AI is becoming one of the most significant cloud cost drivers and unlike the waste problems that came before it, it’s arriving before organisations have any idea what they’re spending or why. GPU instances, API calls and SaaS subscriptions are being provisioned at speed, with little governance and even less clarity on what business value they’re supposed to deliver. And now, this is all showing up as bill shock. “Unvalidated AI adoption has entered the mix,” says Engelbrecht. “AI tools are deployed before business value is proven.” It’s a familiar pattern. If anything, it’s the same dynamic that gave rise to cloud sprawl in the first place: fast adoption, slow governance, deferred accountability. “A lot of organisations just want to do AI and that’s a really scary thing,” says Vieira. “You need to know what business objective you’re trying to meet and whether AI can actually get you there.” Rushing workloads into public cloud AI services before a model is validated risks both cost overruns and data exposure. His advice is to start with an on-prem proof of concept, validate the model and then scale into cloud when the use case is proven and the data governance is in place.
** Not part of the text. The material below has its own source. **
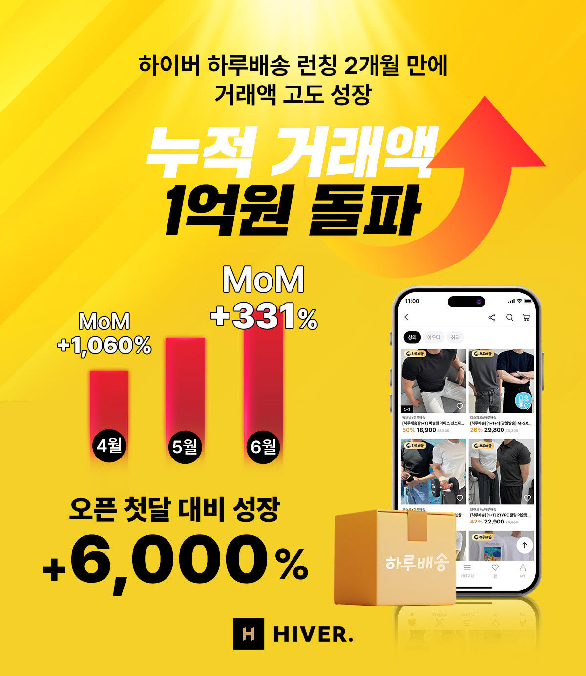 하이버가 런칭한 하루배송 서비스가 두 달 만에 누적 거래액 1억 원을 돌파했다. 하루배송 서비스는 4월 첫 거래액이 2백만원에서 시작해 6월에는 8천2백만원으로 급상승, 각각 1060%와 331%의 월간 성장률을 기록했다. 이는 첫 달 대비 누적 성장률 약 6000%에 달하는 수치로, 하루배송 서비스가 시장에서 큰 호응을 얻고 있음을 보여준다.

Cloud value in Africa is being shaped by geopolitics, regulation and foreign exchange – and 89% of organisations are already adjusting their cloud approach in response. “In this environment, realising cloud value depends on how effectively organisations respond to shifting geopolitical, regulatory and economic pressures,” says Mark Allderman, Africa cloud and digital leader at PwC South Africa. “Cloud strategies must be flexible enough to adapt to new compliance requirements, resilient to currency and cost fluctuations and aligned to national sovereignty expectations.” The PoPI Act in South Africa, Nigeria’s NDPR and Kenya’s Data Protection Act all add compliance complexity to what is already a technically demanding environment, and with 45% of organisations saying geopolitical shifts are directly affecting their cloud strategies, the pressure to get this right is only growing. None of this makes cost optimisation easier. “In 20 years, that conversation hasn’t changed,” says Vieira. “The only way to mitigate it is to invest in tooling that helps people run these services without a steep learning curve.”

The right tools create visibility and control, but without a commitment to continuous review, even the best-optimised environment drifts back towards waste. This is why cloud cost optimisation has outgrown the idea that it’s just a technical problem with a technical fix. The real issue is lifecycle management. “In the cloud, in theory, there’s an infinite amount of resources and so people just tend to deploy and say, ‘Don’t worry, we’ll sort it out next week’,” says Vieira. “That cost shock comes about very quickly. Cloud is definitely not a deploy-and- forget concept.”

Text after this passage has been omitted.